Bug Report: WebSocket disconnect (code 1006) during Gateway startup due to event loop starvation
Summary
When the Gateway starts with a QQ Bot channel configured, the Control UI WebSocket
connection drops with code 1006 multiple times during the first 5 minutes.
Root cause: channels.qqbot.start-account and model-prewarm consume the
Node.js event loop for extended periods without yielding, starving WebSocket
keepalive pings. The built-in liveness detector confirms this.
Environment
- OpenClaw version: 2026.5.7
- Node.js: v24.15.0
- OS: Windows 10.0.26200 (x64)
- Channels configured: qqbot (enabled)
- Model: deepseek/deepseek-v4-pro (thinking=high)

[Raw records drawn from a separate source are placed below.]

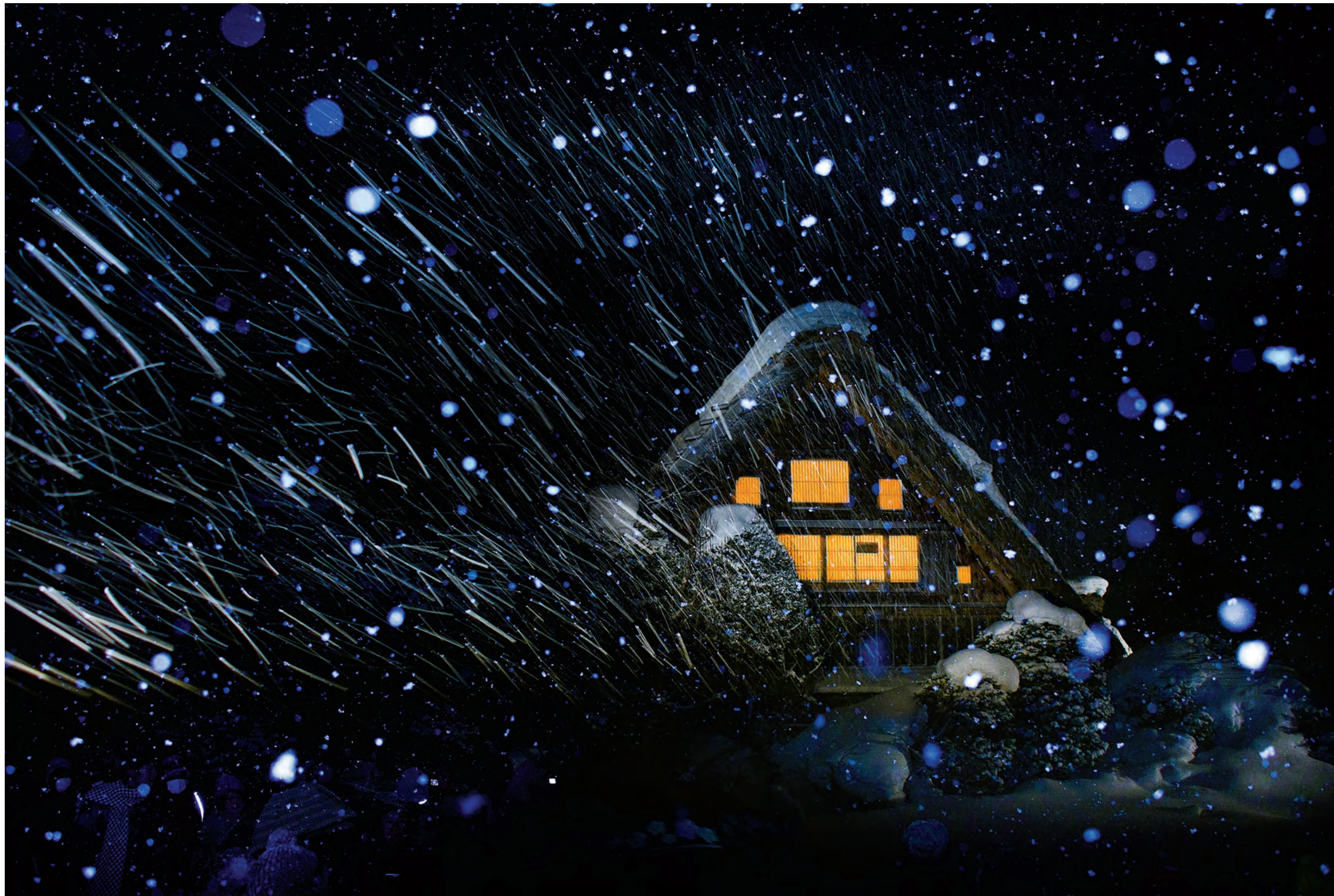
RIGHT: SHIRAKAWA-GO VILLAGE, JAPAN | Snowflakes fall in front of a thatched-roof house in an isolated village in Central Japan. | Masaru Yamauchi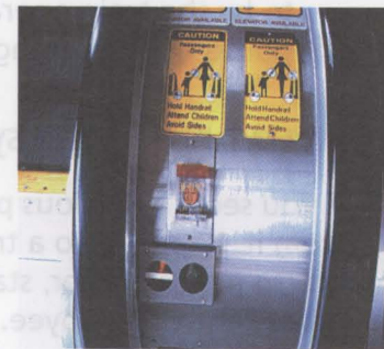
Know where to find emergency stop buttons.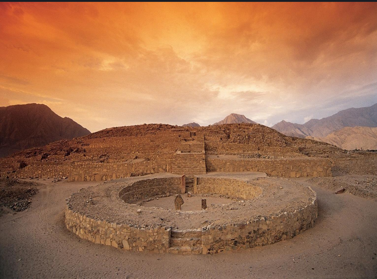
CARAL (Lima) 3000 a 2500 BC 200 km North from Lima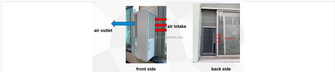
Efficient airflow design with front air intake and rear hot air exhaust.

- Plugins loaded (7): browser, device-pair, file-transfer, memory-core,
phone-control, qqbot, talk-voice
- Gateway bind: loopback-only (127.0.0.1:18789)

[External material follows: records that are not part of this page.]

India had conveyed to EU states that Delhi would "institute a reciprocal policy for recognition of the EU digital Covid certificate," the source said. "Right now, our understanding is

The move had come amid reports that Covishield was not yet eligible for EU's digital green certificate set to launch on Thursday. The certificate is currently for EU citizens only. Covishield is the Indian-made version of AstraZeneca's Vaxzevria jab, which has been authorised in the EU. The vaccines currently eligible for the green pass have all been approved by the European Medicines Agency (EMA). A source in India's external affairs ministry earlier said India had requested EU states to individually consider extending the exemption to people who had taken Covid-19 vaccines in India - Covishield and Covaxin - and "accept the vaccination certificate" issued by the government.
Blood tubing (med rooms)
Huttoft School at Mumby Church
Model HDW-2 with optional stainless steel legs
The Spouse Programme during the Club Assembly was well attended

Timeline (key events, times in local UTC+8)
09:58:47 Gateway started (PID 14284)
09:58:52 HTTP server listening
09:58:54 ┌─ "gateway ready"
├─ QQ Bot: Starting gateway (appId=<APPID>)
├─ QQ Bot: Registering approval.native runtime context
├─ Browser control listening on :18791
└─ Heartbeat started (interval: 30min)
09:58:55 ┌─ Control UI connect attempt #1
│ REJECTED: code=1013 reason="gateway starting"
│ (cause=startup-sidecars-pending, durationMs=1215)
└─ This is expected behavior
09:58:55 QQ Bot: Access token obtained successfully
09:58:56 ┌─ Control UI connect attempt #2
│ REJECTED: code=1005 (still starting)
│ (handshake=pending, durationMs=230)
└─ Still expected
09:58:56 Control UI connected (conn=A) ← first successful connection
09:58:58 QQ Bot: Connecting to wss://api.sgroup.qq.com/websocket
09:58:58 QQ Bot: WebSocket connected
09:58:58 QQ Bot: Gateway ready
09:58:58 npm registry fetch timeout (2.5s) — non-blocking
Normal startup API calls (all ~1.1-1.2 seconds — already slow)
09:58:57 health 284ms (cached)
09:58:58 commands.list 1006ms
09:58:58 node.list 1188ms ← notably slow for a local API
09:58:58 device.pair.list 1190ms
09:58:58 models.list 1197ms
09:58:58 sessions.list 1202ms
09:58:58 chat.history 1211ms
Observation: Even the first batch of API calls takes 1.0-1.2 seconds each,
despite Gateway being "ready". Something is occupying the event loop.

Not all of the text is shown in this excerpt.